I'm migrating a product from jffs2 file system to ubifs.
Previous jffs2 design contains 3 mtd partitions ( 2 ro and 1 rw ) .
moving to ubifs - should I create :
Basically I'm asking if I should replace partitions with volumes when moving to ubifs ? ( my understanding that ubi layer will manage entire flash if doing so )
Thanks, Ran
The MTD subsystem defines a method for storing partition information on the Flash device itself, similar in concept to a partition table on a hard disk. In the case of the Redboot partitions, the developer reserves and specifies a Flash erase block that holds the partition definitions.
UBI is a separate software layer which may be found in drivers/mtd/ubi. UBI is basically a volume management and wear-leveling layer. It provides so called UBI volumes which is a higher level abstraction than a MTD device.
An UBI volume is a set of consecutive logical eraseblocks (LEBs). Each logical eraseblock is dynamically mapped to a physical eraseblock (PEB). This mapping is managed by UBI and is hidden from users and higher-level software.
Memory Technology Device (MTD) is the name of the Linux subsystem that handles most raw flash devices, such as NOR, NAND, dataflash, and SPI flash. It provides both character and block access to these devices, as well as a number of specialized filesystems.
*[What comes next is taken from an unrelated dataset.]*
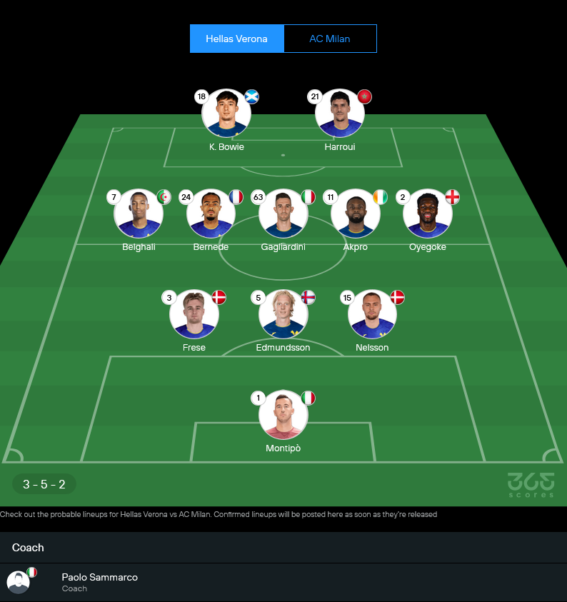 | 21/12/24 | เซเรีย อา | เวโรน่า 0-1 เอซี มิลาน |

The options exist and here are the benefits...
One mtd partition and 3 volumes
The UBI layer will manage the volume. This is a flash virtualization layer that transforms unreliable flash into reliable memory. The UBI layer does wear leveling. Even for read-only data it is beneficial to re-write the data occasionally. This will recharge floating gates, etc so that the data remains readable for longer. For the read-write data it is highly beneficial for longevity. The UBI wear leveling will take place across all volumes. This substaneously increases the erase-write cycles that the file system can handle.
3 mtd partitions, 1 volume each
This is usually less desirable, but there are benefits and it maybe suitable to some users. Mainly having a separate partition increases reliability of mounting a single volume. If something happens to the single MTD partition, then your entire flash might become unuseable. By having seperate MTD partitions, a read-only MTD/UBI/UbiFS system may be useable when the read write filesystem failed.
This really is more beneficial for a 3rd option,
multiple MTD with mixed file systems.
It is possible to put CramFS, RomFS in some flash devices where a device block is gaurenteed reliable by a manufacturer. This maybe a boot file system that is all that is required for a system to minimally function. The tools for manipulating these partitions are quite simple (compared to UBI/UbiFS) and can be implemented in minimal code space. Some systems have large DDR with smaller on-chip SRAM. Loaders/flashes may have restricted code space.
That said, recently (last two years) the mtd-utils contains UBI parsing code. This might be need to be ported to a flasher, recovery code, etc. Recovery code might be in an attached initrd partition, which does mounting/fail-safe recover of the UBI/UbiFS partitions.
u-boot contains code to manage and manipulate UBI/UbiFS code and it use a two phase boot (running from internal SRAM, configuring DDR and then migrating) on many platforms to have rich functionality in a boot loader. u-boot itself will need to be on another device OR in a separate MTD as per above.
The 2nd option 3 mtd partitions, 1 volume each is probably the least likely/desirable. The first will favour system/flash life time. The last will offer simplicity of higher reliability/recovery. The best will depend on what the data is on the partitions and the non-linux resources you have available to recover data. The happy medium is to give as much NAND flash space as possible to UBI and use volumes when you want logical partitioning.
Usually, I would question why to use volumes at all and just put all the data together in such a case, but again it depends on the nature of the data.